Maryland Public Service Commission v. Federal Energy Regulatory Commission
394 U.S. App. D.C. 187
D.C. Cir.2011Background
- PJM Interconnection proposed the Reliability Pricing Model (RPM) in 2005 to replace the old pricing model to boost investment in capacity.
- FERC adopted the RPM with modifications, finding the old model unjust and unreasonable and approving the RPM with conditions.
- RPM includes three mitigation measures for market power: require all available capacity in RPM auctions, substitute a proxy bid when market power is found, and encourage new entrants via multi-year rate commitments.
- RPM auctions set prices three years in advance to allow new entrants to develop capacity, with shorter lags allowed for near-term deliveries.
- Petitioners (Maryland Public Service Commission and New Jersey Board of Public Utilities) challenge the RPM’s rates as not just and reasonable; the Commission found no evidence of market power and attributed price increases to transmission constraints and increased reliability, supported by multiple analytic reports; the court reviews under a highly deferential, arbitrary-and-capricious standard and ultimately denies the petition for review.

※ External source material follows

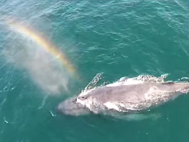 (CNN en Español) - Una ballena jorobada es la nueva estrella de las redes sociales debido a un video que capta el momento en el que un arco iris sale de su espiráculo cuando el animal expulsa aire y agua por ese orificio al salir a la superficie.El video de la ráfaga de colores producida por la ballena fue grabado por Jason Anderson con un dron en las aguas de New Port (condado de Orange, en California, EE.UU.), en el barco de Royce Hutain, según se publica en el sitio web.

- The decision upholds the Commission’s orders as just and reasonable, citing substantial evidence that RPM promoted reliability and long-term investment.
Issues
| Issue | Plaintiff's Argument | Defendant's Argument | Held |
|---|---|---|---|
| Whether RPM’s rate design is just and reasonable | Petitioners argued RPM allows market power to inflate prices | FERC concluded RPM’s design is just and reasonable and mitigates market power | RPM just and reasonable; upheld |
| Whether the Commission properly addressed potential market-power abuse | Petitioners contend shorter lag and actual bids enable abuse | Commission found no evidence of market power after reviewing independent reports | Commission-supported finding of no market-power abuse |
| Whether the record supports deference to the Commission under arbitrary-and-capricious review | Challenges to the Commission’s factual findings on market power | FERC’s findings are supported by substantial evidence and expert analyses | Court upheld under arbitrary-and-capacious standard |
Key Cases Cited
- FPL Energy Maine Hydro LLC v. FERC, 287 F.3d 1151 (D.C.Cir. 2002) (agency findings are conclusive if supported by substantial evidence)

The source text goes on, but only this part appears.